PSMAS let us down: Father recounts late son’s battle with kidney failure
When a 26-year-old Dalubuhle Moyo of Tshabalala suburb in Bulawayo succumbed to kidney failure, his father challenged himself to speak out about the challenges faced by people undergoing kidney dialysis under the private health care provider, Premier Service Medical Investment (PSMI).
PSMI is a subsidiary of Premier Services Medical Society (PSMAS).
Dalubuhle Moyo was diagnosed with kidney failure in 2001 and was on dialysis until he passed on 4 February 2023.
Being the second child to die of the same problem in the family, George Moyo spoke to CITE about some of the challenges he went through while seeking medical attention for his son.
Moyo’s son’s medical needs were to be covered by PSMI.
Kidney dialysis is the process of removing excess water, solutes, and toxins from the blood in people whose kidneys can no longer perform these functions naturally.
Dalubuhle had a successful kidney transplant in 2013 but his father felt let down by his medical aid provider.
“The challenge with the transplant was that they needed the anti-rejection tablets, and the application process was tiresome. In 2012 he couldn’t do anything, I would carry him going for his dialysis, but after the transplant, he could do things on his own, drive himself for dialysis,” said Moyo.
Moyo said PSMI recently informed patients going for their dialysis at one of its centres in Bulawayo to move to other health centres as they were about to close the centre due to operational challenges.
“PSMAS has its investment arm known as PSMI which includes pharmacies and hospitals. I don’t even know when they were last efficient. These things are closing down slowly. Being told to use another centre means you have to pay money again,” he said
“The dialysis centre did not have material lines, drip water, bandages and the like, sometimes you go and these things are not available, not necessarily at the same time, you find one or two available things.”
Moyo said despite contributing to the medical aid they were having challenges accessing services.
“But when the needed material is not available you have to buy it on your own and when its not there you go to the black market. When buying in pharmacies, they want foreign currency but we don’t earn it.”
He added that it is unfortunate that even if they get the needed material for their patients, they are however not reimbursed their money back.

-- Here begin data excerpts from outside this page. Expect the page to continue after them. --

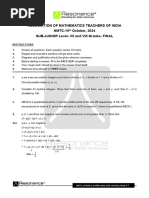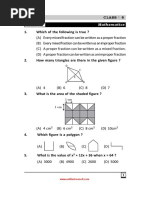 Syllabus Section I (Logical Reasoning) : Mathematical Operations, Series Completion, Arithmetical Reasoning, Problems on Cubes and Dice, Number Ranking & Time Sequence Test, Inserting Missing Character and General Reasoning Based on Prescribed Syllabus. Section II (Mathematical Reasoning): Number Systems, Polynomials, Coordinate Geometry, Linear Equations in Two Variables, Introduction to Euclids Geometry, Lines and Angles, Triangles, Quadrilaterals, Areas of Parallelograms and Triangles, Circles, Constructions, Herons Formula, Surface Areas and Volumes, Statistics, Probability. Section III (Everyday Mathematics) : The Syllabus of this section will be based on the syllabus of Mathematical Reasoning. Class 10 The actual test paper has 50 questions. Time allowed : 60 minutes. There are 3 sections: 20 questions in section I, 20 in section II and 10 in section III. Section I :Logical Reasoning, Section II : Mathematical Reasoning & Section III : Everyday Mathematics
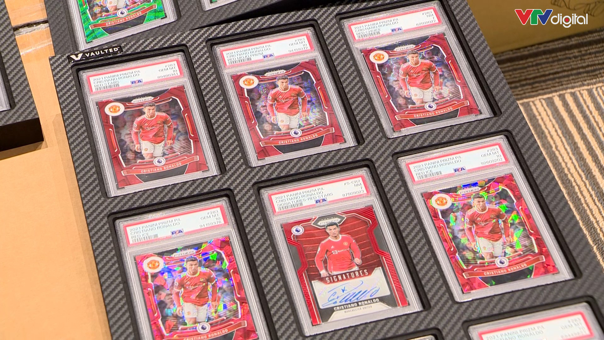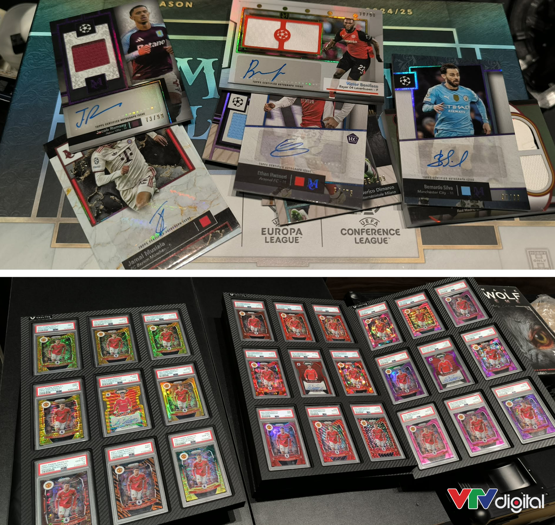 Một số hình ảnh cho thấy các thẻ cầu thủ nổi tiếng hiếm, có chữ ký, được bảo quản trong hộp chuyên dụng. Ngoài ra còn có nhiều mô hình nhân vật kích thước lớn và tượng sưu tầm đắt tiền được trưng bày trong tủ kính.
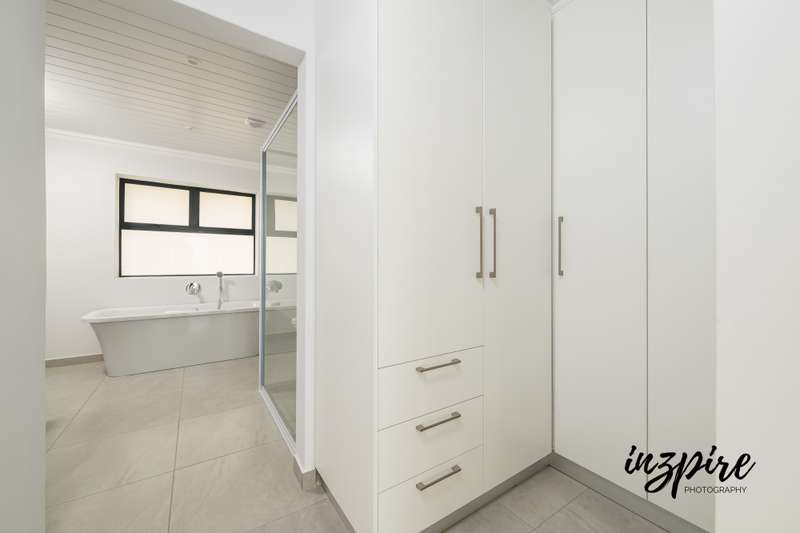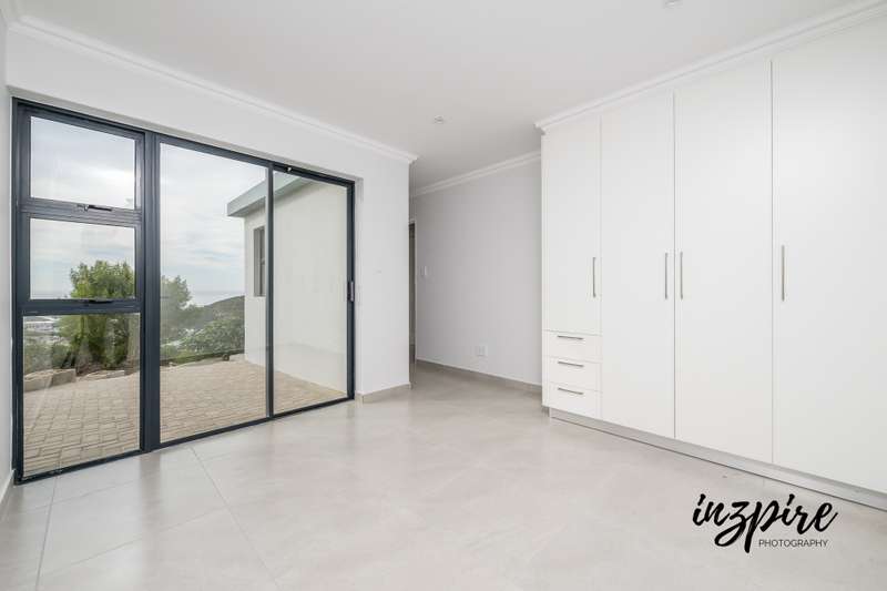 This exquisite modern duet features three bedrooms. The master bedroom offering stunning sea views includes an en-suite bathroom with sensor lights under the basin and a walk in closet. The open-plan kitchen and living area is designed with a built-in braai and panoramic sea views, completed by a separate scullery, the kitchen includes a gas hob. A guest toilet is located on the main floor. The lower level provides ample space for additional lounge area, two bedrooms with sea views sharing a bathroom, featuring sensor lights under the basin. Additionally there is a laundry room with access to your yard. This is an opportunity you don't want to miss! Call us today for a viewing.

“The other challenge had to do with blood tests, every month end they had to test his red cells, when they had to do a transfusion half was being paid by PSMAS while we had to pay the other half in USD,” said Moyo.
“These are the things which we don’t even know where to complain.”
He added, “My concern is what is going to happen if they close, what is going to happen to those who need dialysis, dialysis in itself is an ICU.”
Moyo said private hospitals need foreign currency and they are expensive.
“Maybe it’s me, maybe I didn’t do it correctly. I remember in 2021 I sold my leave days and got money in bonds which was less than US$1000 trying to seek medical help for my son.”
“If we want things to continue like this it’s okay, but if we want things to change something has to be done as there are still people in need of dialysis,” he said.
Contacted for a comment, PSMI spokesperson, Obey Nhakura said the challenges being experienced at PSMI have been widely reported on and are already in the public domain.
“These challenges are mainly emanating from persistent cash flow constraints which have continued to adversely affect operations,” said Nhakura.
He said as of Monday 6 February 2023, only 39% of PSMI units were operational as employees find it difficult to consistently report for duty citing incapacitation.
Nhakura, however, said concerted efforts incorporating numerous relevant stakeholders are underway to rectify the situation.